Research Article| Volume 29, ISSUE 4, 104603, April 2020

Utility of Dynamic Balance Measurements in Discriminating Community Ambulation Levels Among Individuals with Stroke: A Cross-sectional Study


      Objective: To examine the association between dynamic balance measurements and community ambulation levels among individuals with chronic stroke. Methods: This cross-sectional study was performed in 2-day care facilities for older adults located in urban areas. Forty-seven community-dwelling poststroke adults who could walk independently were participated. Community ambulation performance was assessed using the Functional Ambulation Classification of the Hospital at Sagunto (FACHS). Dynamic balance and mobility were measured with the Mini-Balance Evaluation Systems Test (Mini-BESTest), the Timed Up and Go (TUG) test, and 10 m maximum walking speed. Results: Participants were classified into 3 groups according to FACHS scores: household (n = 15), neighborhood (n = 19), and community walkers (n = 13). Neighborhood and community walkers scored significantly higher on the Mini-BESTest and had a shorter TUG test time than household walkers. Community walkers had a significantly faster walking speed than household walkers, whereas neighborhood walkers did not have a faster walking speed than household walkers. Ordinal logistic regression analyses revealed the Mini-BESTest score (odds ratio [OR] 1.24; 95% confidence interval [CI]: 1.07-1.44) and the TUG test time (OR .91; 95% CI: .85-.98) were significantly associated with ambulation levels after adjusting for confounders.

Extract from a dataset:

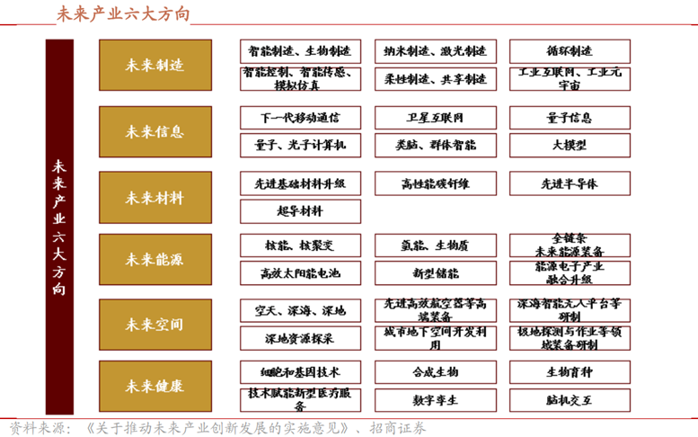 ●未來產業:129日,7部門聯合發布《關于推動未來產業創新發展的實施意見》,其中提出“要重點推進未來制造、未來信息、未來材料、未來能源、未來空間和未來健康六大方向產業發展。”
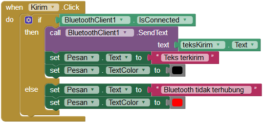 Jika ada data yang dikirim melalui bluetooth, data tersebut bisa dideteksi dengan fungsi ‘bluetoothClient.SendText’ seperti pada block berikut :

Conclusions: Dynamic balance measurement tools may have better responsiveness in detecting community ambulation levels among individuals with chronic stroke than walking speed.

      Key Words


      BRS (Brunnstrom Recovery Stage), CI (confidence interval), FACHS (Functional Ambulation Classification of the Hospital at Sagunto), Mini-BESTest (Mini-Balance Evaluation Systems Test), OR (odds ratio), TUG (Timed Up and Go)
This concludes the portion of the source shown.